He stopped what he was doing to stare in her direction then he grabbed his clothes and shoes and found his way to the bathroom. He turned on the light, an explosion of vision that made his head hurt, before he tried to think of an answer.
“Sugah?” she said, sitting up in the bed and feeling the weight of her breasts move on her chest. To one part of her, that was something very strange, and to another part, it felt very right. I used to be a guy, she said to herself, almost a question. “Sugah?” she repeated.
“Are you a prostitute?” Terry asked, starting to get dressed. He had to unbutton the shirt before he could put it back on.
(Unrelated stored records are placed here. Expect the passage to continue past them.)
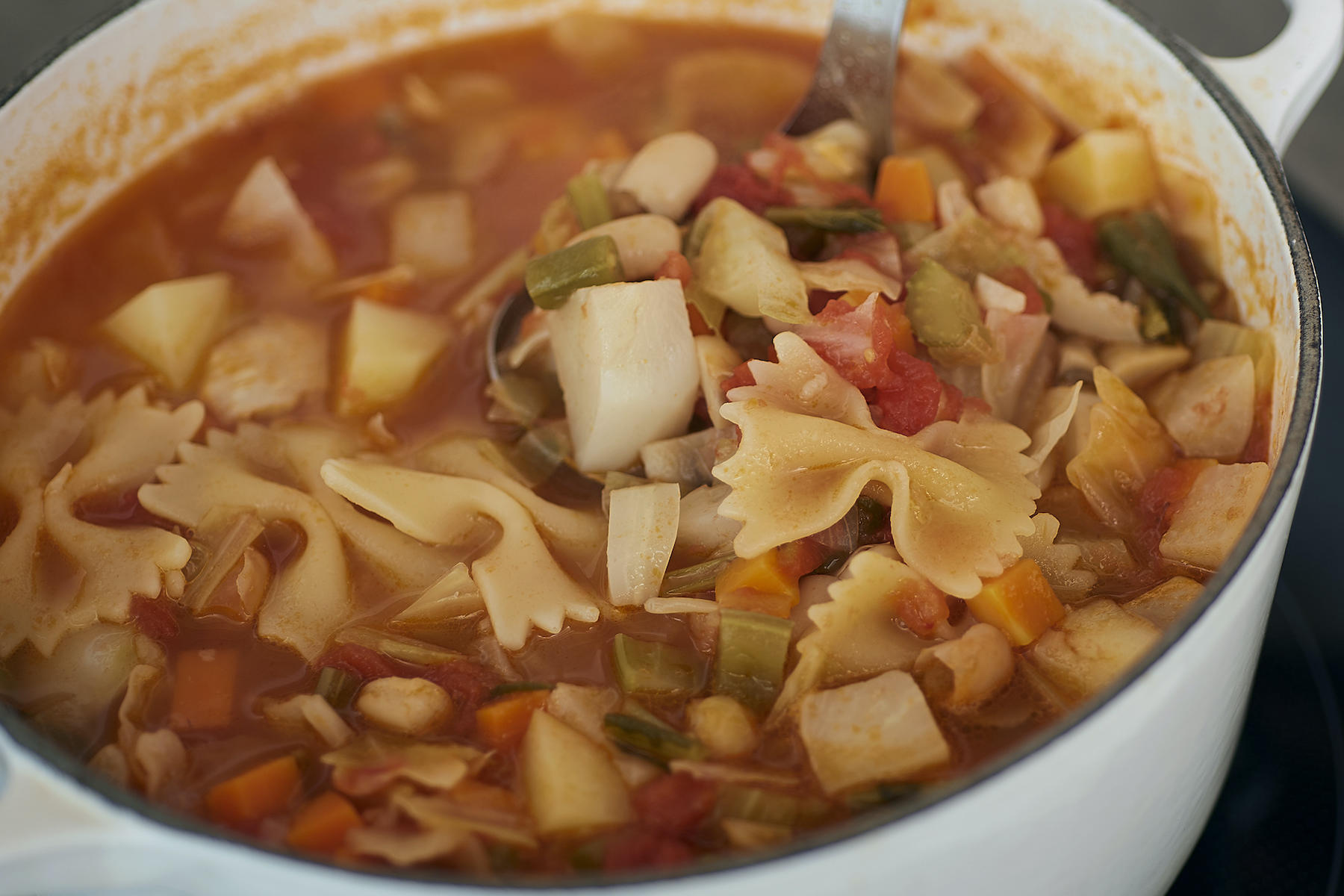 ミネストローネといえばトマト、にんにく、オリーブオイルというイメージですが、イタリアでは必ずしもトマトが入るわけではないのです。むしろ、必須なのは豆やパスタ、米などの炭水化物です。これは一皿のスープでお腹を膨らませようとする、庶民の知恵でしょう。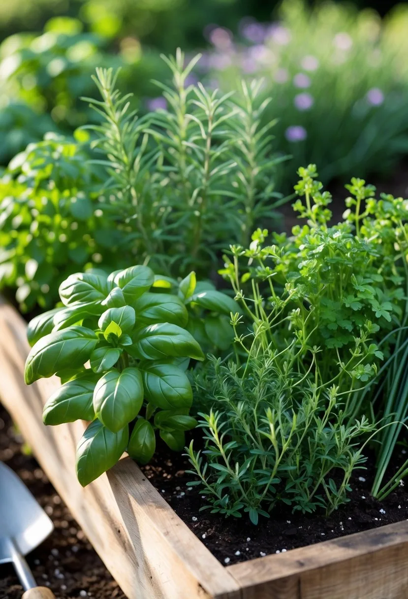 Basil and tomato-friendly herbs are a classic combo. Basil loves full sun and regular water, so plant it with parsley or chives near tomatoes to boost flavor and shade the roots.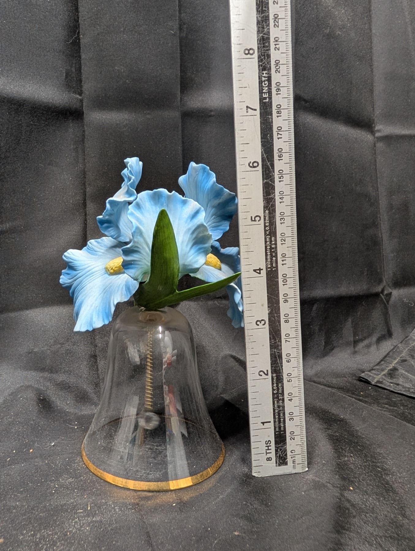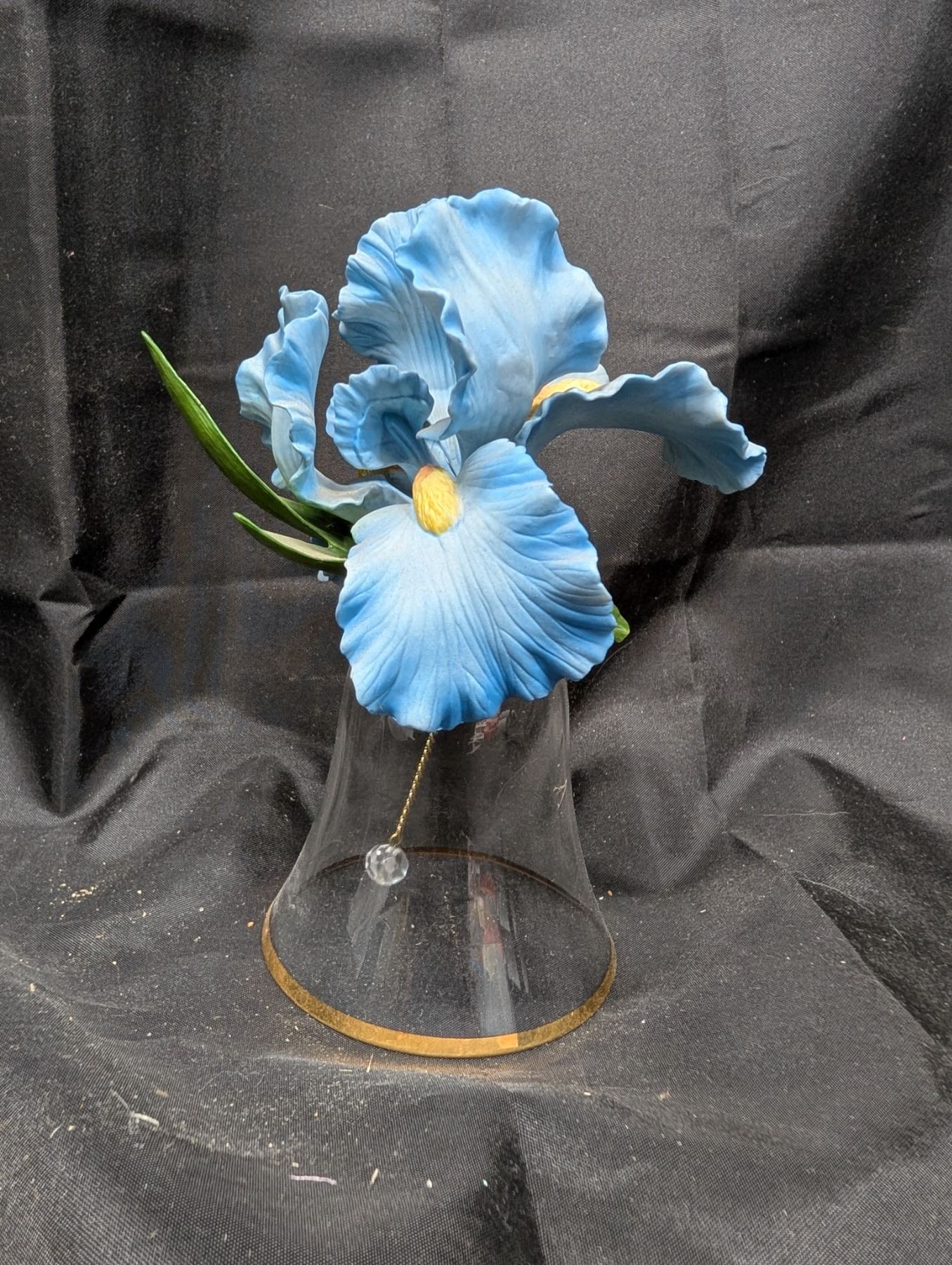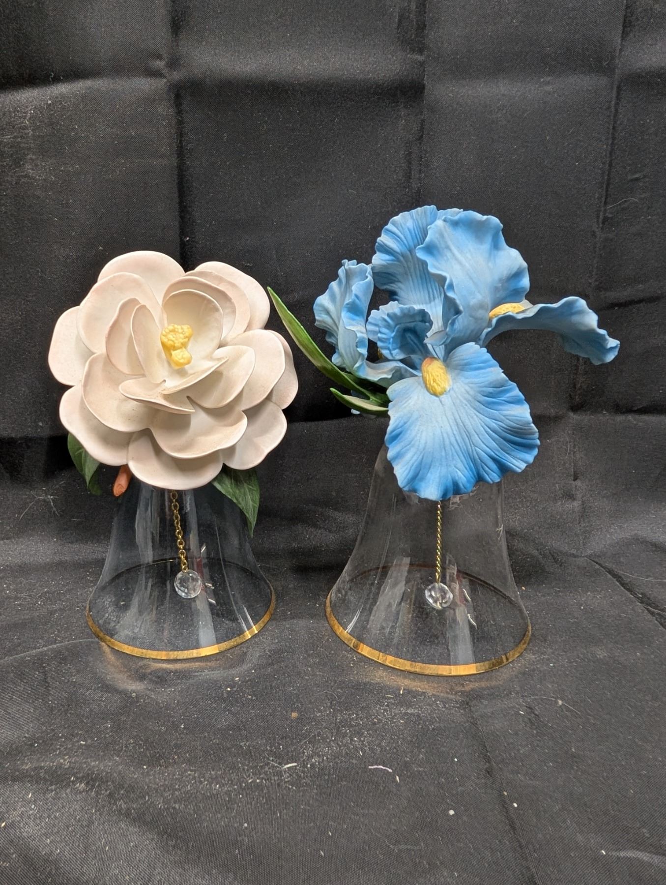 (2) 1980s Franklin Mint Crystal Bell Flowers w/24 KT gold rim

Cheryl tried to think about it, ideas flitting through her mind like lazy moths around a light bulb. Gerald Jones was gone. The Army would not be looking for her; they’d be looking for Gerry. And she liked what she had been doing with the night manager. She had no job, no way to earn money. She had no identification, could she even get a job? There’d been the cash she had found on the dresser, where had that come from?
She felt so alive. She could see into the dark corners of the motel room where the cockroaches were hiding from the light. She could hear the traffic on the highway a few dozen yards away outside, and Terry’s heart beating fast in the bathroom while her own heart beat more slowly. She could smell the sex they had been having, the stains left on the sheets. She could still taste him on her lips and tongue.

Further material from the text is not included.